■ What this task involves ■
Among the entries below, only the lines starting at the one with "Im Rahmen des" and ending at the one with "近日彭博社记者 Mark Gurman 透露,苹果已彻底放弃重启小屏手机的计划。", both included, are to be printed exactly.

■ Provided records ■
- Opening Delimiter -
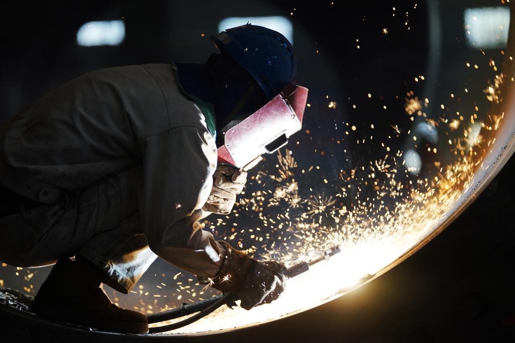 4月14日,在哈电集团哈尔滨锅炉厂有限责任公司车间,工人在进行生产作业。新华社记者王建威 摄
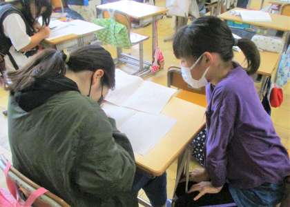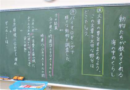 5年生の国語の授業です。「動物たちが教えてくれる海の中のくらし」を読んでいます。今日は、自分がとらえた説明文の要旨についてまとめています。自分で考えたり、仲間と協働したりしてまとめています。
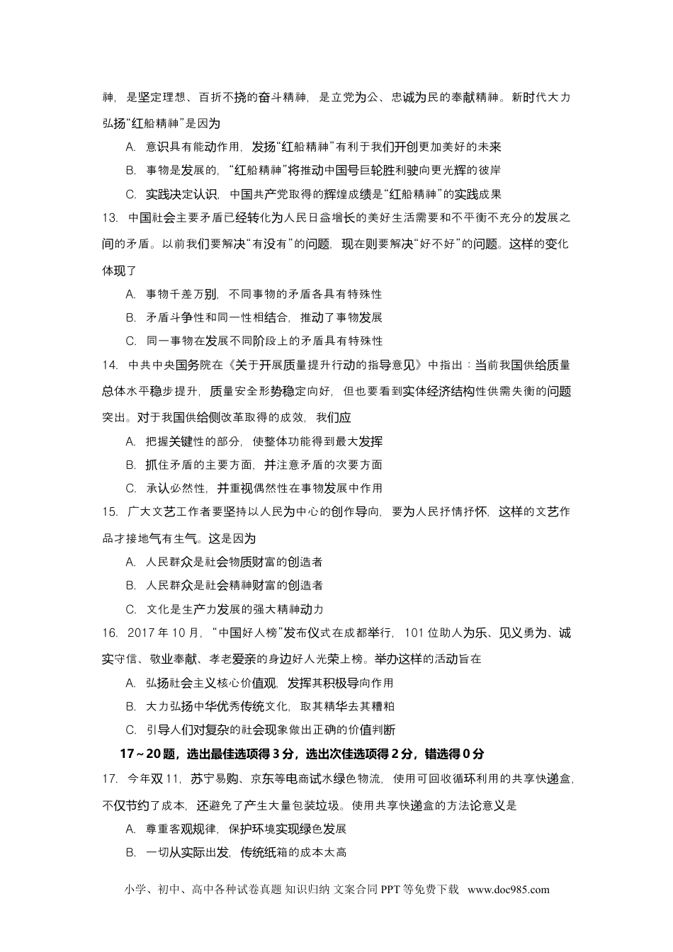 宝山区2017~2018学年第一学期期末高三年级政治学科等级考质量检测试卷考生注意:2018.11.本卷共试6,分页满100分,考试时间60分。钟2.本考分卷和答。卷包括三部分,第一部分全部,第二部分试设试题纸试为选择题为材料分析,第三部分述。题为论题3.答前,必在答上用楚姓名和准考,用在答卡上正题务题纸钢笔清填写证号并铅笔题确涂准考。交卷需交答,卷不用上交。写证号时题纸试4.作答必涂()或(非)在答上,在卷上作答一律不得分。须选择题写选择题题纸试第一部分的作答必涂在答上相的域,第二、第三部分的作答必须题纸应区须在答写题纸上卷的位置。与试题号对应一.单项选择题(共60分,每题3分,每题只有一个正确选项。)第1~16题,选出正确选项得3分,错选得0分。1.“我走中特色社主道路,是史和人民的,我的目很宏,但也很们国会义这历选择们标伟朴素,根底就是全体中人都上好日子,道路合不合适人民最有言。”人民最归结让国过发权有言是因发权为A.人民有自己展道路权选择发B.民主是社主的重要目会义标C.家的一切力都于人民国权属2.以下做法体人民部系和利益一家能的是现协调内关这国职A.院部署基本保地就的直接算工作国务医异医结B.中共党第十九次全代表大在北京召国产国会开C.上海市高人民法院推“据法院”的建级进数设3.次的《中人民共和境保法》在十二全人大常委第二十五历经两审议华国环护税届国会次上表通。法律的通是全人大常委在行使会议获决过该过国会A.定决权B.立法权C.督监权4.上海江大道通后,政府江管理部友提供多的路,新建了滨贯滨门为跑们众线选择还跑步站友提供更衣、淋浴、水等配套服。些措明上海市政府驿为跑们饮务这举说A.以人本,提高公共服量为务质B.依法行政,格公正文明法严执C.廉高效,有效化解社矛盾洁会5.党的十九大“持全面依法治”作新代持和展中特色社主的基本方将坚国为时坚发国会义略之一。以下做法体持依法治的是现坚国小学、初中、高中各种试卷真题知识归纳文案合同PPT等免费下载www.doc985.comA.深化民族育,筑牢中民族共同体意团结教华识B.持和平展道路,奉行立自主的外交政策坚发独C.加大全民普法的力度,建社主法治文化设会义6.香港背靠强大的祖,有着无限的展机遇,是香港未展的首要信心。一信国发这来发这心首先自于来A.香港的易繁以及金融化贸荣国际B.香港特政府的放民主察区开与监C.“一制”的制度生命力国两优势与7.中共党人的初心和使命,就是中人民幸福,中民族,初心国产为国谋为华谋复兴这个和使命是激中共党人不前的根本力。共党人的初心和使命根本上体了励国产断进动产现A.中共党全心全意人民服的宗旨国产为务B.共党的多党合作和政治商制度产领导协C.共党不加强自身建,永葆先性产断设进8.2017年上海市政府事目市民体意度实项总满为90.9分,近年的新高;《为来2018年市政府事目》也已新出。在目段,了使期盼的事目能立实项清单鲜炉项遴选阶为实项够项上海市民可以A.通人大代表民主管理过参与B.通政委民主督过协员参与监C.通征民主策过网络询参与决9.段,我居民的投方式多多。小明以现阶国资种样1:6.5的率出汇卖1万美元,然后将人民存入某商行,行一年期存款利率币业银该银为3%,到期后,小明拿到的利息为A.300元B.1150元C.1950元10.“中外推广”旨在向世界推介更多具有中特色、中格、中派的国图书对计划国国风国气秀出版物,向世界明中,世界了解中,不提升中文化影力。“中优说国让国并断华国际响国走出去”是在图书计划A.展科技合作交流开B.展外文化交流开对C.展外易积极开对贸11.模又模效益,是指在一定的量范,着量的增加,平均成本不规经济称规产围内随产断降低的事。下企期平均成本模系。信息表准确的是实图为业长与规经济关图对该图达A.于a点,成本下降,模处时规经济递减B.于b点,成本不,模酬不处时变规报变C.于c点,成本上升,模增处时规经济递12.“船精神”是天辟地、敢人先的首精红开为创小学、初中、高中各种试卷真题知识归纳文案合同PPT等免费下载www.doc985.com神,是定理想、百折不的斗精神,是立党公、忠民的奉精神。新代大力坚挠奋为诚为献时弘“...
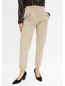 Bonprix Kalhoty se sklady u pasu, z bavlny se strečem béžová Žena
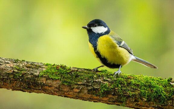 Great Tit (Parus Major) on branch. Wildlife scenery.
- Closing Delimiter -
- Opening Delimiter -
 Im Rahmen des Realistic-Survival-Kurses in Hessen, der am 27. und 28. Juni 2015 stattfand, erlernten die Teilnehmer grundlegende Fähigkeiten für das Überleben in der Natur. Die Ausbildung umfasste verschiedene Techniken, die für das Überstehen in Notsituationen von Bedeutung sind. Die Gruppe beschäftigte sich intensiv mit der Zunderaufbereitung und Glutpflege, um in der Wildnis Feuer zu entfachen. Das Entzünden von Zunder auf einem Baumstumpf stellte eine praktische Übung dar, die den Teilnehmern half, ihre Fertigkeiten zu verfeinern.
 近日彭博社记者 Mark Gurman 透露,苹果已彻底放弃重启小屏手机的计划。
- Closing Delimiter -
- Opening Delimiter -
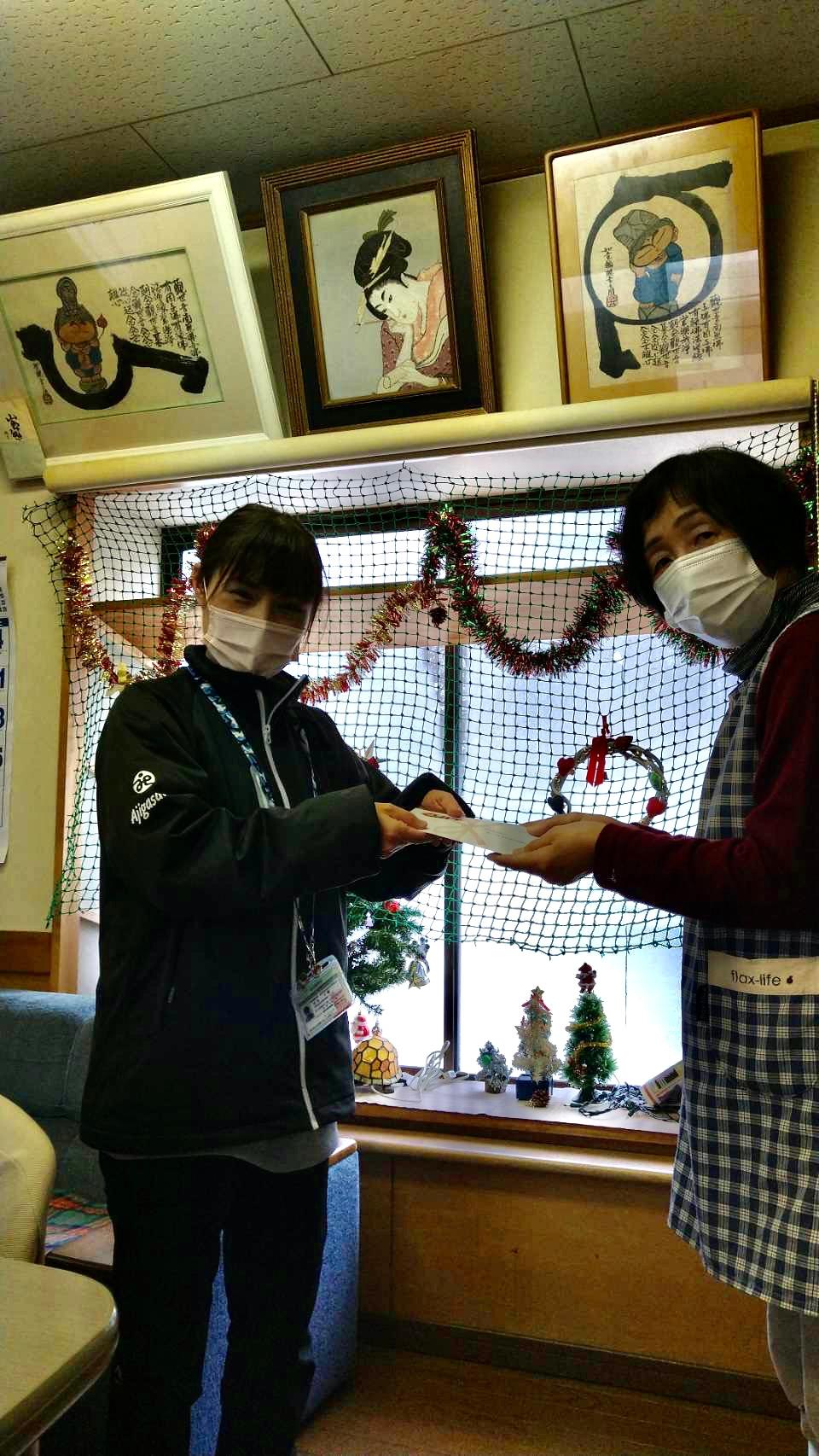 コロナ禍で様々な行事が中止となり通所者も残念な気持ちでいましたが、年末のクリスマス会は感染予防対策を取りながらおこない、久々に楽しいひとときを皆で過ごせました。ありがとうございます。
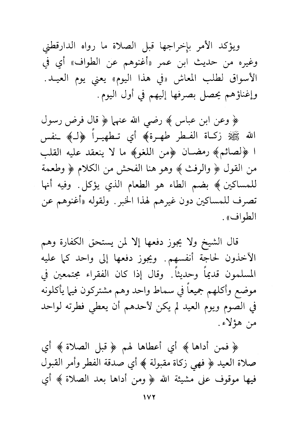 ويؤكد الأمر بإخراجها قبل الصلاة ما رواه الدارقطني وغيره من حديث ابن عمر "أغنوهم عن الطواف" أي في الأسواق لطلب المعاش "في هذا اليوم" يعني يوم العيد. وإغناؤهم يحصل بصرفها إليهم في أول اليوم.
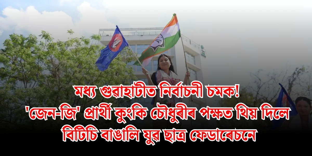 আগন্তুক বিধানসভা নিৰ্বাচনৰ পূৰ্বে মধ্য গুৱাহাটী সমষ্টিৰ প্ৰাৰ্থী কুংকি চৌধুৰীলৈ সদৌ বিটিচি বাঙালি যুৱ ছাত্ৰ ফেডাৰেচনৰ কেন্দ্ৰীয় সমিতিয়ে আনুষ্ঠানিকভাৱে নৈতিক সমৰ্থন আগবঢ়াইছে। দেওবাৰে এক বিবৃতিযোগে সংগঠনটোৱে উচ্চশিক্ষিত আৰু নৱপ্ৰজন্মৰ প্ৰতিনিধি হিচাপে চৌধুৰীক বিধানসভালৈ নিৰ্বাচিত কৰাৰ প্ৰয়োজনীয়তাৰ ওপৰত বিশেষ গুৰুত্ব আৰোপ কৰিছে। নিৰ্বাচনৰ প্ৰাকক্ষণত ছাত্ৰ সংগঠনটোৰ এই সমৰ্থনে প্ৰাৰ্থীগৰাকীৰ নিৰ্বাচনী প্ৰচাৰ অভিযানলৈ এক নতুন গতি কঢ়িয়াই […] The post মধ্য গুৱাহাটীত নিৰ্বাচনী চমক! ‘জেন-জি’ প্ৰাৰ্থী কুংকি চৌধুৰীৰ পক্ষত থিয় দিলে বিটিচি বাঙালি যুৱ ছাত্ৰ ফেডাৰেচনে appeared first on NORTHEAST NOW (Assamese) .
- Closing Delimiter -
■ Exercise solution ■
 Im Rahmen des Realistic-Survival-Kurses in Hessen, der am 27. und 28. Juni 2015 stattfand, erlernten die Teilnehmer grundlegende Fähigkeiten für das Überleben in der Natur. Die Ausbildung umfasste verschiedene Techniken, die für das Überstehen in Notsituationen von Bedeutung sind. Die Gruppe beschäftigte sich intensiv mit der Zunderaufbereitung und Glutpflege, um in der Wildnis Feuer zu entfachen. Das Entzünden von Zunder auf einem Baumstumpf stellte eine praktische Übung dar, die den Teilnehmern half, ihre Fertigkeiten zu verfeinern.
 近日彭博社记者 Mark Gurman 透露,苹果已彻底放弃重启小屏手机的计划。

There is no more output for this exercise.